Получи случайную криптовалюту за регистрацию!

Разговор Катерины Гордеевой и Евгении Альбац: 18+ НАСТОЯЩИЙ М | Дудь

Разговор Катерины Гордеевой и Евгении Альбац:

18+ НАСТОЯЩИЙ МАТЕРИАЛ ПРОИЗВЕДЕН, РАСПРОСТРАНЕН ИНОСТРАННЫМ АГЕНТОМ ДУДЕМ ЮРИЕМ АЛЕКСАНДРОВИЧЕМ

– В какой момент у журналистки, которая пишет о науке, занимается астрофизикой элементарных частиц, происходит какой-то щелчок, и вы начинаете интересоваться КГБ? Мягко говоря, это разные сферы жизни.

– В 86-м году было столетие Николая Ивановича Вавилова. Знаменитого генетика, создателя Всероссийского института растениеводства. Он был арестован в 38-м году, когда Лысенко начал подниматься. На него был написан донос. В 43-м году Николай Иванович Вавилов умер в саратовской тюрьме от голодной дизентерии. Человек, который создал крупнейшую коллекцию семян и растений, великий генетик.

Я поехала в Ленинград – собирать материал к очерку к 100-летию Вавилова. И пришла в Институт растениеводства – он существовал. Но все архивы времен, когда Николай Иванович Вавилов был директором института, были на чердаке – покрытые птичьим пометом. И вот пробираясь через пыль и птичий помет, я нашла донос на Вавилова, написанный одним из профессоров института. И опубликовала его. А потом в архиве академии наук я, собственно, нашла заключение о том, что Николай Иванович Вавилов умер не от того, что у него там воспаление легких было, а от голодной дизентерии.

Когда вернулась в Москву, я начала искать следователя. Потому что мне казалось это совершенно естественным – этот человек последним разговаривал с живым Николаем Ивановичем Вавиловым. И около центрального телеграфа был киоск – такие киоски тогда были по всей Москве – ведь все справочные книги были под грифом секретности в Советском Союзе. Вы не могли просто взять телефонную книгу. Это не разрешалось, это было секретно. Так же, как и все карты. Там же все были перемешаны улицы, чтобы ЦРУ не поняли, как добраться до Кремля. На полном серьезе.

– Да ну ладно!

– Конечно, конечно.

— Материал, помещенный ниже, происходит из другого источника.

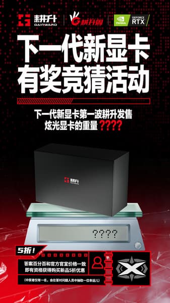 Что касается Gainward, тот тут тизеров только два, но для пользователей они даже в какой-то степени более полезны. Дело в том, что тизеры запущены одновременно с двумя конкурсами: первый предлагает угадать стоимость видеокарт, другой — массу. Тем, кто окажется прав, обещана скидка на новинки в размере 50%! К сожалению, конкурсы актуальны только для китайской аудитории. Впрочем, и о цене, и о габаритах новинок уже кое-что известно.

Они же были больные совершенно на своей секретности.

И ты приходишь в этот киоск, заполняешь там квиточек – когда ты кого-то разыскиваешь. И я указала: Александр Хват. Я уже не помню его отчества. Год рождения я его примерно вычислила. Должность написала: следователь НКВД. И вдруг она, эта женщина, мне дает адрес: улица Горького, дом такой-то. Это около метро Маяковского, там – дома НКВД.

И я просто позвонила в дверь. Мне открыла женщина. Я сказала: «Могу ли я увидеть товарища Хвата?».
И вышел старик. Я сказала:

– Здравствуйте. Я вот занимаюсь таким-то, таким-то. Помните?

– Помню.

– Я бы хотела вас спросить.

– Проходите.

Я и прошла. Он никогда в жизни не видел журналиста. Хват не мог себе представить, что кто-то может прийти в квартиру полковника НГБ без разрешения.

Мы написали от «Московских новостей» запрос в центр по связям с общественностью КГБ СССР. Из которого ответили: «Хват умер».

Я с ним сделала интервью. Вот, собственно, с этого началось.

А потом ко мне пришла его дочь. Она была секретарем парторганизации института математики имени Келдыша Академии наук СССР. Это такие должности, которые всегда отдавались проверенным людям.

Она мне стала рассказывать о том, какой замечательный отец ее папа. И как он спас всю семью в блокадном Ленинграде. А я ей говорю: «А вы знаете, как ваш папа спасал всю семью в блокадном Ленинграде? Они вместе с полковником Кружилиным сажали ученых и отбирали у них карточки. И их семьи, этих ученых, умирали от голода. А он спасал свою семью».

Она мне рассказала, что после моей публикации (а она была очень шумная) кто-то из зэков его встретил и набил ему морду. Нехорошо стариков, конечно, бить, но понять могу.

Я уже потом узнала, что он творил с Вавиловым. Он ставил Вавилова «на стойке». Это когда много дней человек стоит и у него лопаются вены на ногах. Вены превращаются в кровавое месиво. Или «пробочки». Когда в пробке как бы из-под шампанского вставлялись иголки. И Николая Ивановича Вавилова приносили на руках в камеру.